Hábil como Camões, que para dar voz a seu livro usa de toda sua astúcia para conseguir obter seu alvará de impressão por parte do Santo Ofício, Saramago provoca, através do recorte temporal da peça, uma reflexão do público sobre o momento sócio-político-cultural vivido em Portugal em 1980, em que a conjuntura nacional está tão próxima da depressão como estava à altura do retorno do poeta.

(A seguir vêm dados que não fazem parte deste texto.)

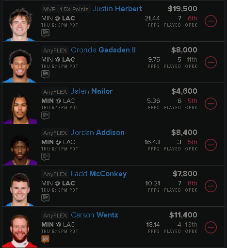 The options for Vikings players in a value spot are pretty thin. Nailor is pretty much a boom/bust play, but he does come with some perks. He has seen the second-highest red zone target share on the team this season, just behind Addison at 23.5%. The Vikings are a pretty pass-heavy offense, especially in the red zone, as I mentioned above with Addison. With the way I'm looking at building my lineups, Nailor makes fitting some of those top guys much easier with his price being so cheap.
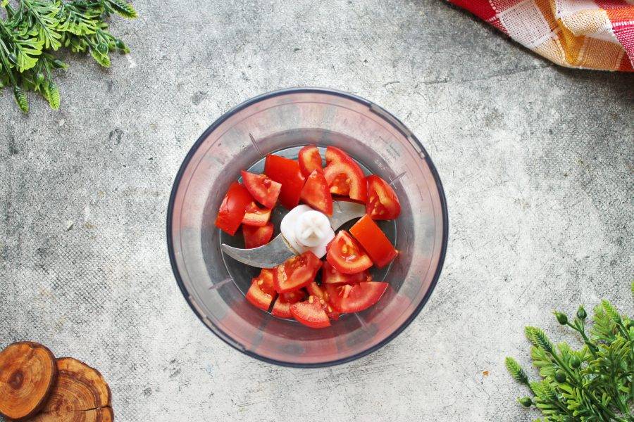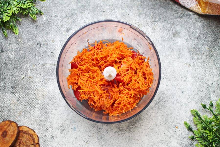 Морковь натрите на средней терке и выложите в чашу к помидорам. Влейте воду и пробейте все до однородности.
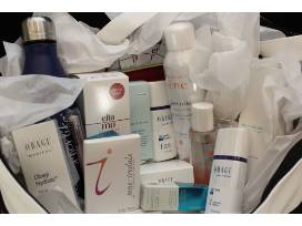 This lux skincare basket courtesy of Aesthetic Alternatives has everything you need to pamper your skin, including Obagi Professional-C Polish and Mask, Obagi Hydrate, Colorscience Color Balm SPF 50 in Bronze, Colorscience Brush-on Sheild SPF 50, Avene Intense Eye Makeup Remover, NeoCutis Cleanser, SkinCeuticals Hydrating B5 Gel, Elta MD UV Lotion SPD 30, and Jane Iredale Lux Lipstick, Eye Shadow and Magnetic Brush.

A peste do século XVI representa os anos de chumbo da ditadura salazarista do século XX, a Inquisição representa a censura, que continuou mutilando e calando corpos e mentes. Ninguém mais espera pela volta de D. Sebastião, mas o próprio Camões é elevado à categoria de salvador da honra nacional, justamente por cantar o passado glorioso dos portugueses e servir como uma alavanca da moral nacional – recurso utilizado inicialmente por Almeida Garrett e depois pela própria ditadura.


O tom melancólico dado ao Camões-personagem assemelha-se ao tom atribuido ao Camões-histórico dos sonetos. Mas, apesar da tristeza, do cansaço e dos ares desesperançados do poeta na peça, é indiscutível o brilho e a argúcia, permeados com pitadas de ironia, com que o poeta enfrenta as arguições do examinador do Santo Ofício para garantir a liberação de seu livro.


Camões luta como um bravo soldado pela obra de sua vida.



Referências 

Lourenço, E. (1998). Mitologia da Saudade. São Paulo. Cia das Letras. 

Saramago, J. (1998). Que farei com este livro? São Paulo. Cia das Letras.

Saraiva, A.J. & Lopes, O. (2017). História da Literatura Portuguesa. Porto. Porto Editora.